In this context, the stability of a spacetime \((\mathcal {M}, g)\) is understood as follows. First one finds the initial data \(d_g\) whose evolution under the Einstein field equations yields \((\mathcal {M}, g)\). Then, in the space of all allowed initial data, one considers neighbourhoods around \(d_g\) and checks whether their future developments yield metrics \(g^\prime \) such that “\(g^\prime \approx g\)”, in some sense. Depending on whether or not the neighbourhoods under consideration are infinitesimal or not, one is conducting then either a linear or non-linear stability analysis, respectively. For example, the Kerr family of spacetimes (\(\mathcal {M}, g_{M, a}\)) is a 2-parameter family of solutions of the Einstein field equations and contains the 1-parameter family of Schwarzschild solutions denoted by \(g_{M, 0}\). Within this family is also the Minkowski metric for which the metric can be represented as \(g_{0,0}\). Therefore, if a particular member \(g_{M, a}\) were generated by some initial data \(d_{M, a}\) and one considers another initial data within an infinitesimal neighbourhood of \(d_{M, a}\), which let us denote by \(d_{M + \delta M, a + \delta a}\), then if the future development of the latter \(g_{M + \delta M, a + \delta a}\) is such that \(|g_{M + \delta M, a + \delta a} - g_{M, a}| \ll 1\), then one can say that the spacetime \(g_{M, a}\) is linearly stable. If such a statement holds for all Ma, then one can argue that the family of Kerr spacetimes is linearly stable. To find the full extent of stability of a particular solution \(g_{M, a}\), one must conduct a non-linear stability analysis which requires one examine to the future developments of initial data chosen within arbitrary, non-infinitesimal neighbourhoods of \(d_{M, a}\). These issues of stability are extremely important, both from theoretical and astrophysical standpoints, and difficult to examine and thus far, significant progress has been made and the non-linear stability of the Minkowski spacetime [44] and the linear stability of the Schwarzschild spacetime [52] has been established, and it has also been shown that the Kerr family of spacetimes are mode stable [137]. For more detailed and excellent discussions on stability see [51].

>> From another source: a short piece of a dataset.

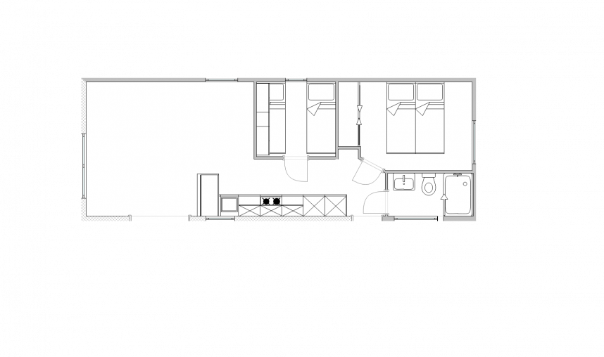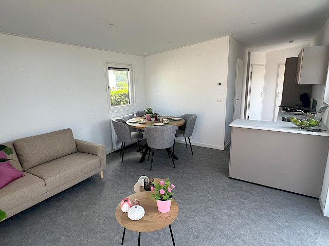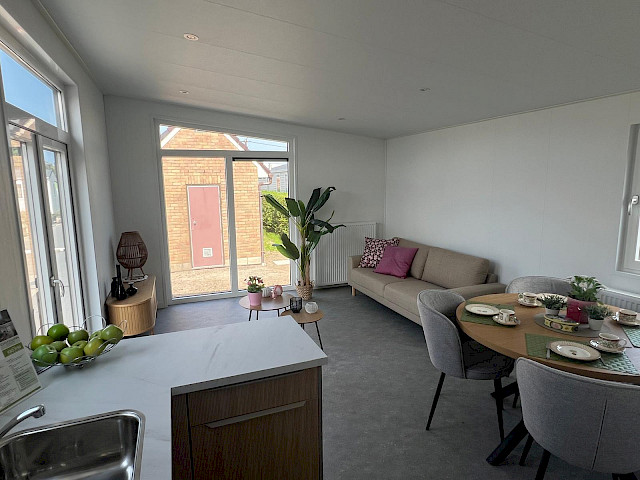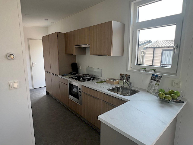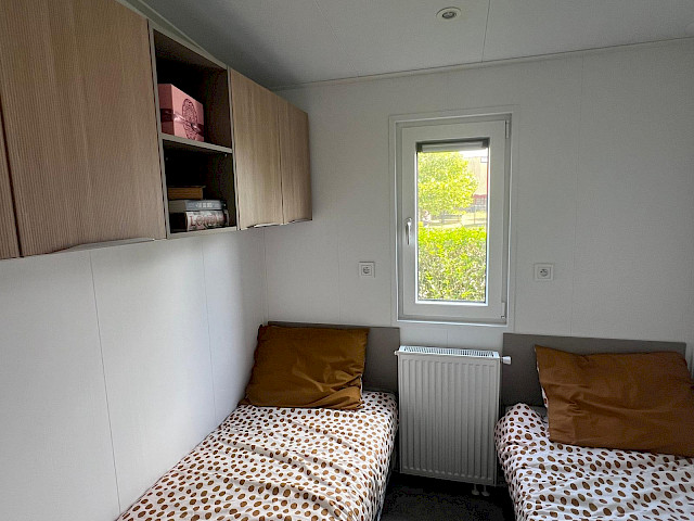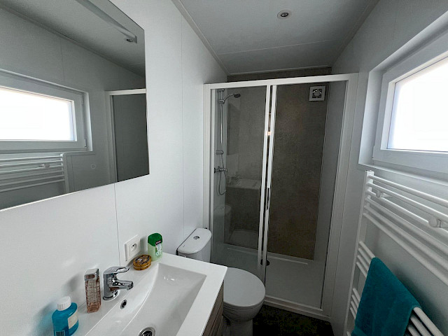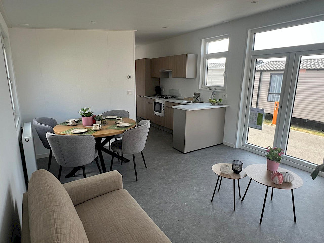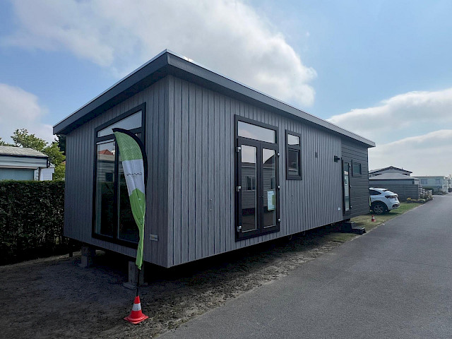 De Volente Deluxe biedt alles wat u nodig heeft voor een comfortabel verblijf. De ruime woonkamer is voorzien van een vinylvloer, grote terrasdeuren en een TV-aansluiting. De L-vormige keuken is van alle gemakken voorzien, met veel opbergruimte, een 4-pits kookplaat, afzuigkap en een ingebouwde koel-/vrieskast. De master slaapkamer biedt een tweepersoonsbed en een ruime kledingkast met schuifdeuren. De logeer-/kinderkamer heeft twee eenpersoonsbedden en handige hangkastjes voor extra opbergruimte. In de moderne badkamer vindt u een stijlvol badmeubel, een design radiator, een toilet en een ruime douchecabine met een tegelmotief op de wand. De chalet is afgewerkt met kunststof buitenbekleding in houtlook, kunststof kozijnen, dubbel glas en centrale verwarming - een perfecte balans tussen comfort en duurzaamheid.

Now, to restate all of these notions in the language of symplectic geometry, we need to define the conjugate momentum to q and identify the phase space of GR. For this, one requires an explicit notion of time, which has the implication that one can only consider spacetimes that are topologically of the form \(\Sigma \times \mathbb {R}\), where \(\Sigma \) is a 3-dimensional manifold of arbitrary, fixed topology and \(\mathbb {R}\) is time. Due to the discussion presented above, this restriction is typically not considered a strong limitation. However, it is useful to remember that not all solutions of the Einstein field equations are globally hyperbolic. For example, the maximally extended Reissner–Nordstrom solution, representing the spacetime for a spherically symmetric charged particle, has a Cauchy horizon, i.e. there is a region from which there exist past directed causal curves that do not pass through any candidate Cauchy surface. Generally such solutions are discarded as being physically unrealistic since a desirable quality of physical theories is that they be deterministic and that there exist a one-to-one map between the initial state of motion and its trajectory (‘a continuous dependence of the evolution on initial data’). However, it is still unclear whether only globally hyperbolic spacetimes should be considered in GR [138]. Here however we will restrict ourselves to a discussion of the stability of only globally hyperbolic spacetimes.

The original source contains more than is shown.